Так… Он подошел к мутному стеклу, стер скрипящий серый слой и вгляделся в черный провал, из которого на него смотрел Генри, новый Генри. Молодое лицо, совсем непохожее на его прежнее; светлые глаза, цвет которых не был виден в стекле; светлые, слегка рыжеватые волосы.

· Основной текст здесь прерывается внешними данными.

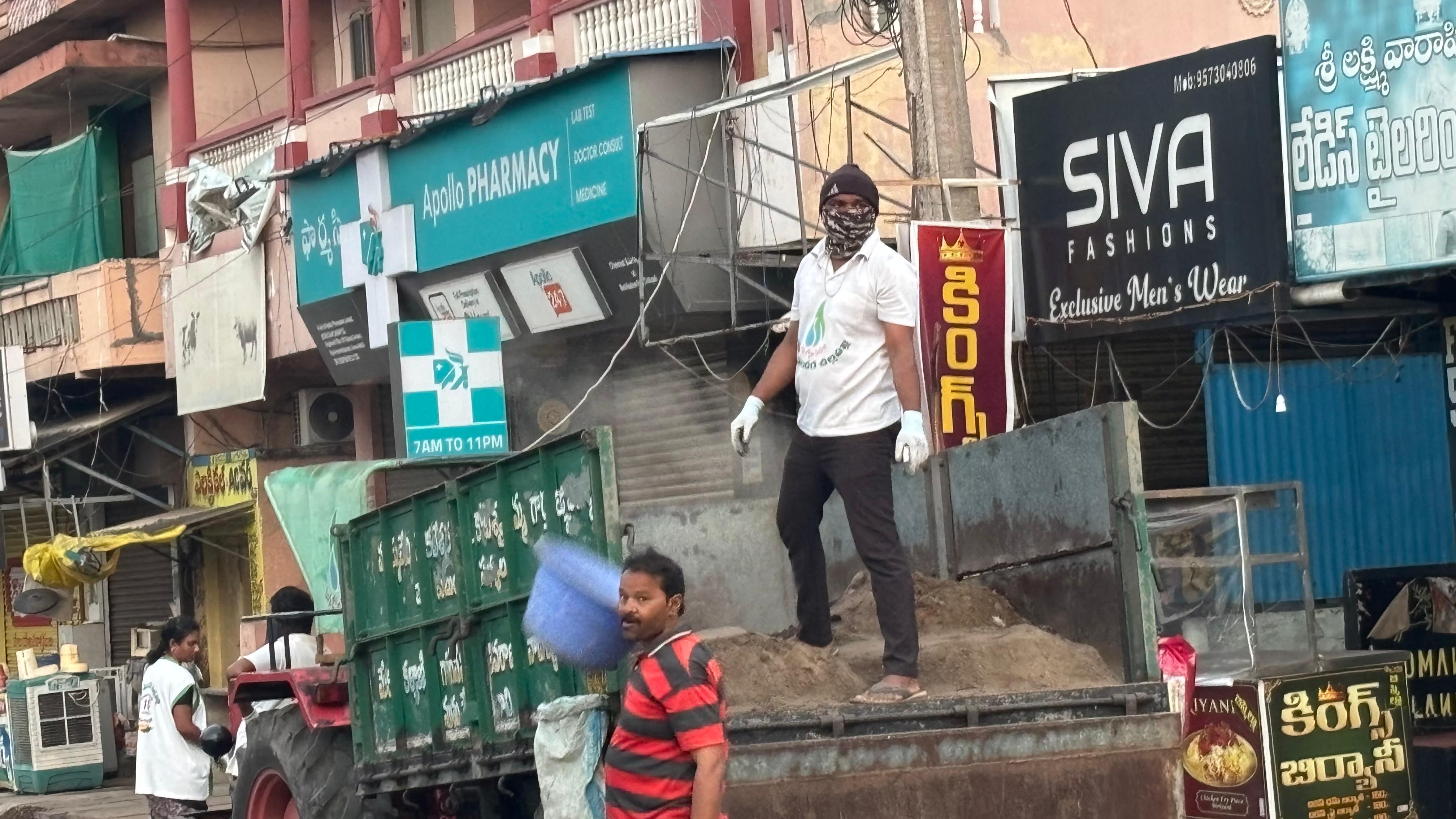 చూసేవాళ్లకు తేలిక అనిపించే మరొక కష్టమైన పని సుమారు 10 మందిది! నలుగురి చీపుళ్ళు నిర్విరామంగా ఊడిస్తే ½ కిలోమీటరు బారునా ప్రోగులు పడిన 50 కి పైగా ఇసుక-దుమ్ము మిశ్రాలను డిప్పలకెత్తి, ట్రాక్టరు నింపిన ఘనత మిగిలిన 6 గురిది!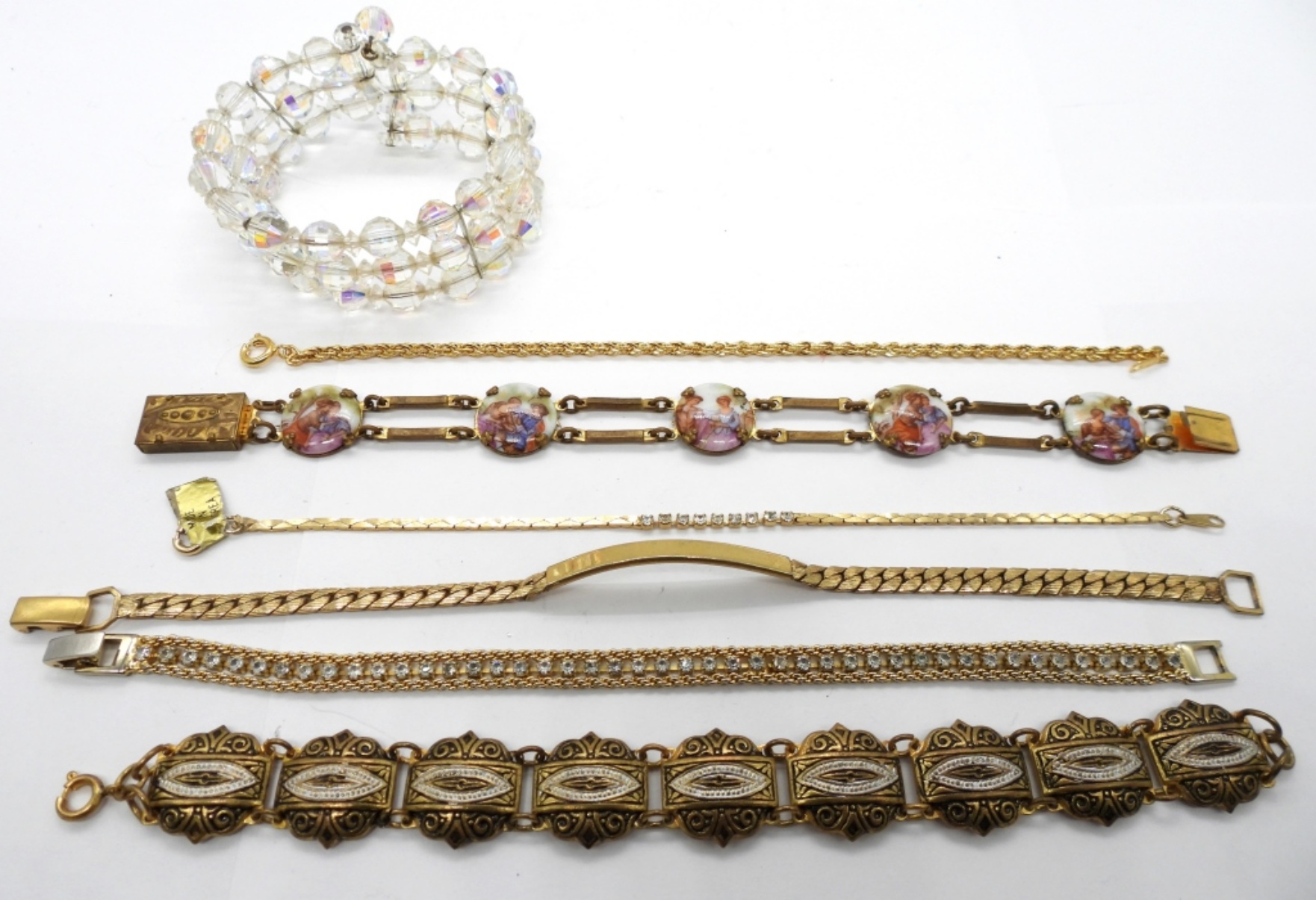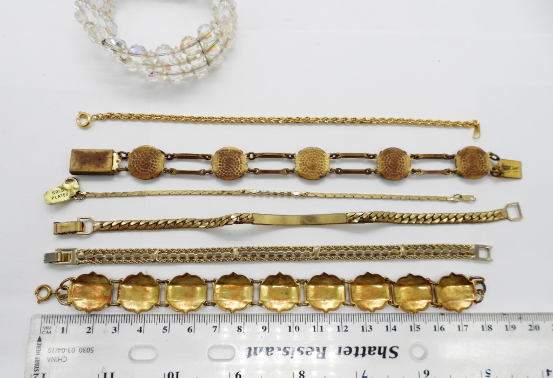 Six Vintage Gold Tone Bracelets, 7″ & 8″. Very Pretty, One Still has it’s Tag! One Vintage Crystal Bead Bracelet, 7″ but could fit most.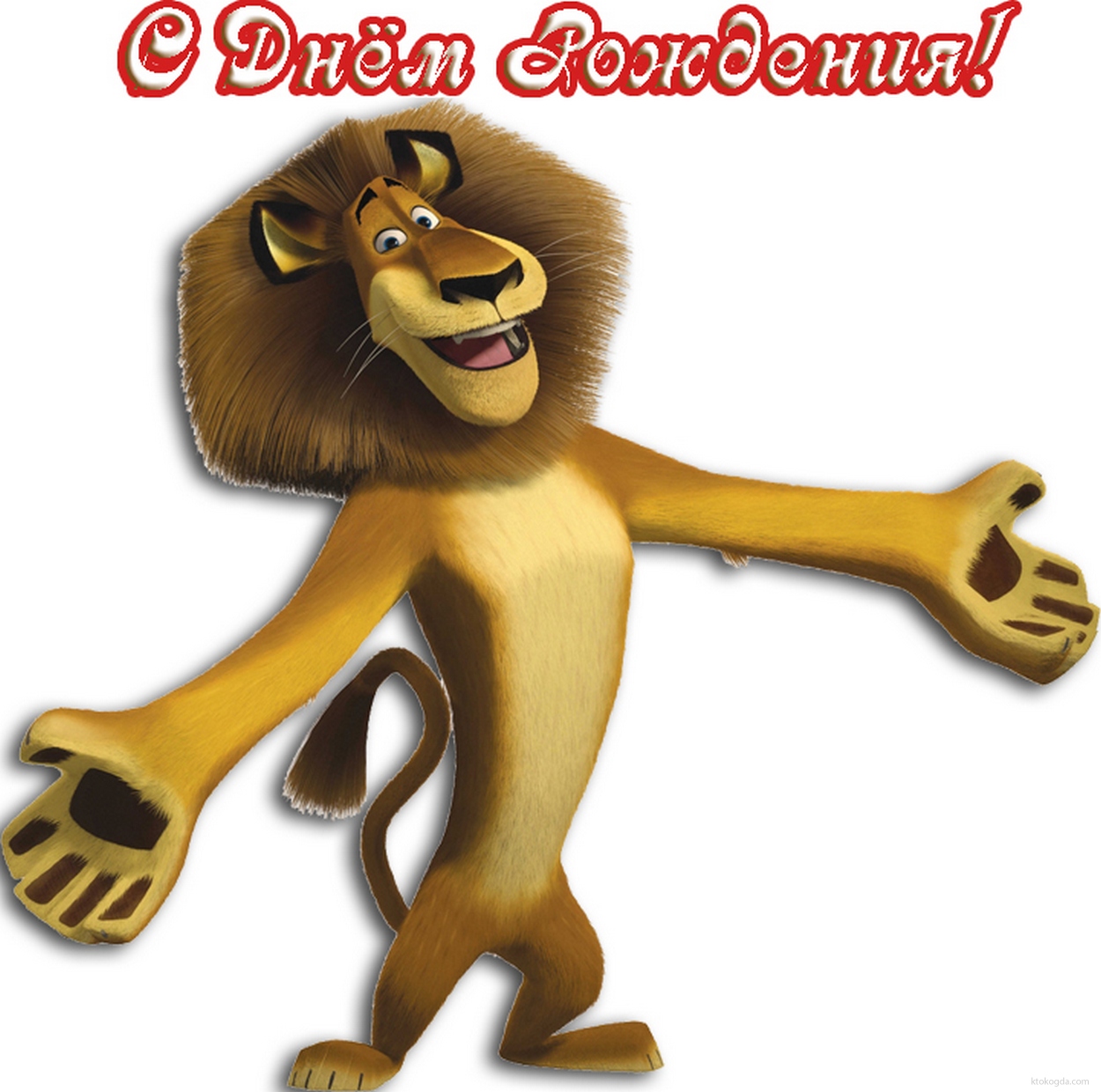 Открытка с Днем Рождения, герои мультфильмов, лев Алекс из Мадагаскара

Тик… Генри двинулся дальше. Довольно приятная внешность. Жаловаться не на что. Да, и важна ли здесь внешность? Если да, то почему весь город в руинах и все так серо и тускло? Если нет, то зачем вообще новая внешность? Почему бы не остаться семидесятилетним стариком?
Так… Генри замер. Звук часов. Только сейчас он его расслышал. Да, надо было двигаться дальше. Он просто теряет время.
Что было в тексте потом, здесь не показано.